Spatz: A Compact Vector Processing Unit for High-Performance and Energy-Efficient Shared-L1 Clusters

Abstract

Spatz is a novel, compact 32-bit vector processing unit designed as an energy-efficient Processing Element for large-scale clusters leveraging shared L1 memory, specifically targeting mitigation of the Von Neumann Bottleneck. Built upon the integer embedded subset of the RISC-V Vector Extension, Spatz achieves significant power savings, requiring 40% less energy per operation compared to equivalent scalar cores.
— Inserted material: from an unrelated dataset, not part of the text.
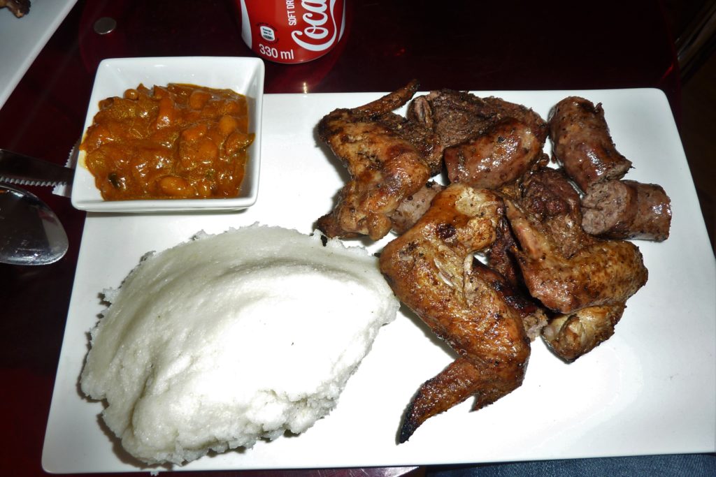 - Chakalaka – das Gericht der armen Bevölkerung. Hier allerdings mit Fleisch serviert. Dazu eine weiße, kalorienreiche Mais-Pampe. Gegessen wird traditionell mit Händen – großartig!
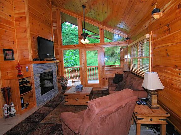 WELL-MAINTAINED CABIN WITH LOTS OF UPGRADES!! This beautiful cabin is just minutes from the Parkway in Pigeon Forge with access to both main roads and back roads into town. The open floor plan lets lots of light stream in from the wall of windows in the living area which features a stone fireplace, surround sound system, and towering cathedral ceiling. The fully-equipped kitchen features stainless appliances and lots of cabinets & counter space great for preparing a nice home-cooked meal. There is a computer nook in the hallway between the bright master bedroom with lots of windows and the full bath with whirlpool tub and even a towel warmer! Outside on the deck you will find lots of privacy, a steamy hot tub, and even speakers to add your own background music to this perfect little space to get away from it all. Don't let this one get away!

When integrated into the MemPool architecture, the Spatz-based system demonstrated 70% greater performance (285 GOPS) and over double the energy efficiency (266 GOPS/W) running 32-bit integer matrix multiplication.

Report

Key Highlights

• VPU Innovation: Spatz is a compact, modular vector processing unit (VPU) designed specifically as a lean Processing Element (PE) for large-scale clusters utilizing shared L1 memory.
• Energy Efficiency: A Spatz-based cluster requires only 7.9 pJ per 32-bit integer multiply-accumulate operation, achieving 40% less energy consumption than an equivalent cluster built with four Snitch scalar cores.
• Performance Gain: The Spatz system achieved up to 285 GOPS in a 256x256 32-bit integer matrix multiplication, representing a 70% performance increase over the equivalent Snitch-based MemPool system.
• Efficiency Leader: Spatz provides massive energy efficiency improvements, reaching 266 GOPS/W, which is more than double the efficiency of the Snitch-based system (128 GOPS/W).
• VNB Mitigation: The core goal of Spatz is to leverage vector processing to reduce instruction fetch bandwidth, thereby mitigating the Von Neumann Bottleneck (VNB) prevalent in highly parallel architectures.

Technical Details

• Architecture: Spatz is a compact, modular 32-bit vector processing unit.
• ISA Compliance: It implements the integer embedded subset of the RISC-V Vector Extension (version 1.0).
• Core Configuration: The tested cluster used four Multiply-Accumulate Units (MACUs).
• Integration Platform: The unit was analyzed and benchmarked after being integrated within the MemPool, a large-scale many-core shared-L1 cluster architecture.
• Benchmark Operation Cost: The energy cost for a 32-bit integer multiply-accumulate operation is 7.9 pJ.

Implications

• Validation of Lean Vector PEs: The results decisively show the viability of using lean, simplified vector processors as high-performance and energy-efficient PEs, challenging the dominance of traditional scalar cores in tightly-coupled L1 clusters.
• RISC-V Vector Extension Utility: Spatz successfully demonstrates that even the embedded integer subset of the RISC-V Vector Extension (V extension) can lead to substantial, measurable power and performance improvements in real-world many-core implementations.
• Shifting Cluster Design Paradigm: This work suggests that future large-scale, tightly-coupled embedded parallel architectures should prioritize vector PEs over scalar PEs to maximize throughput while minimizing the instruction fetch and decode energy overhead, setting a new benchmark for system-level energy efficiency (266 GOPS/W).